7. The weld quality inspection method according to any one of claims 1 to 6, characterized in that, The marked region includes a horizontal region, and the step of dividing the marked region based on the first normal angle diagram includes: Pixels whose normal angle belongs to the horizontal determination interval are merged to obtain at least one first sub-region; and, If the first sub-region is larger than the first preset area, the first sub-region is divided into the horizontal region.

8. The weld quality inspection method according to any one of claims 1 to 6, characterized in that, The marked region includes a hole region, and the step of dividing the marked region based on the first normal angle diagram includes: Pixels that meet the hole detection criteria are merged to obtain at least one second sub-region; and, If the second sub-region is larger than the second preset area, the second sub-region is divided into the hole region; or, the second sub-region is expanded based on a preset rule, and the expanded second sub-region is divided into the hole region.

9. A training method, characterized in that, The training method for training a weld quality inspection model includes the following steps: A first grayscale image is obtained, wherein the first grayscale image is obtained by sequentially illuminating a second sample with at least two light sources, the number of first grayscale images corresponds to the number of light sources, and the light sources output parallel light; Based on the first grayscale image, obtain the first normal angle image of the inspected object; Obtain the illumination color map of the second sample under preset conditions, wherein the illumination color map and the pixels on the first normal angle map have a corresponding relationship; The marked region is divided based on the first normal angle diagram; and... The weld quality inspection model is trained based on the first normal angle map, the illumination color map, and the division result of the marked region; wherein, the weld quality inspection model is used to output the weld quality inspection result based on the illumination color map of the inspected object; The marked region includes a horizontal region, a hole region, and a non-horizontal region.
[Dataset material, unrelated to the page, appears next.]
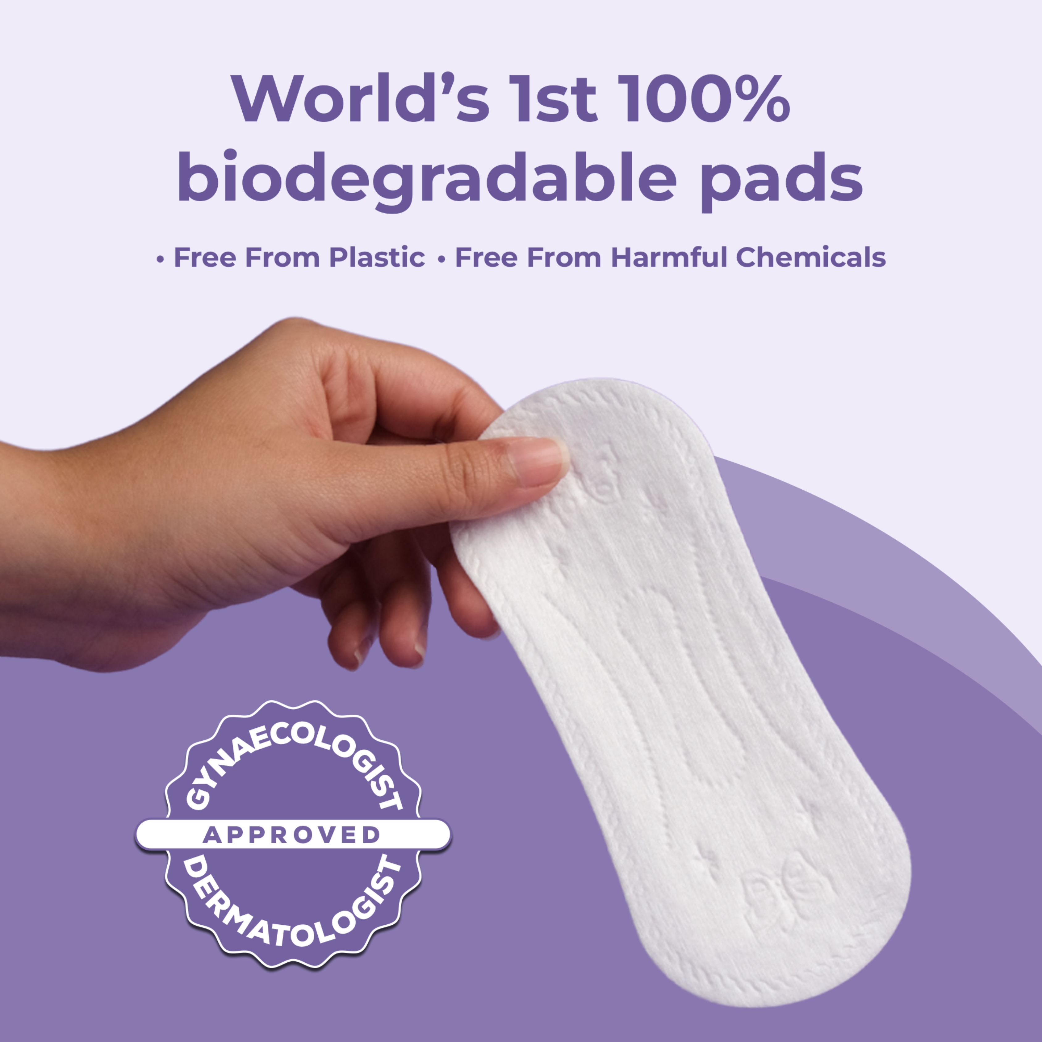 Special Product Features * Biodegradable and compostable * Bleach and perfume free to avoid irritation and rashes * Thin pads to ensure comfort * Banana fiber absorbent core * Panty liner pad (155mm) * No-slip adhesive keeps the pad in place providing security * Wider back for overnight protection * Allows you to have a carefree sleep * Individually wrapped in plant-based cover Saathi biodegradable pads are your ultimate companion. They are thoughtfully designed to use natural, locally-sourced materials, including banana Fiber. Saathi pads are gentle on the skin and Mother Earth, disappearing quickly upon disposal. By purchasing Saathi pads, you also give the gift of biodegradable pads to women in rural communities. Disposal Instructions You may dispose of Saathi pads in a waste bin. After disposal, Saathi pads degrade within 6 months, under normal conditions.

The step of dividing the marked region based on the first normal angle diagram includes: Divide the horizontal region and the hole region; For pixels that are not classified into the horizontal region and the hole region, clustering is performed to obtain at least one third sub-region; The largest area in each of the third sub-regions is configured as a candidate sub-region; and... If the area of ​​the candidate sub-region is greater than the third preset area, and the height difference of the candidate sub-region is greater than the preset height, the candidate sub-region is divided into the non-horizontal region.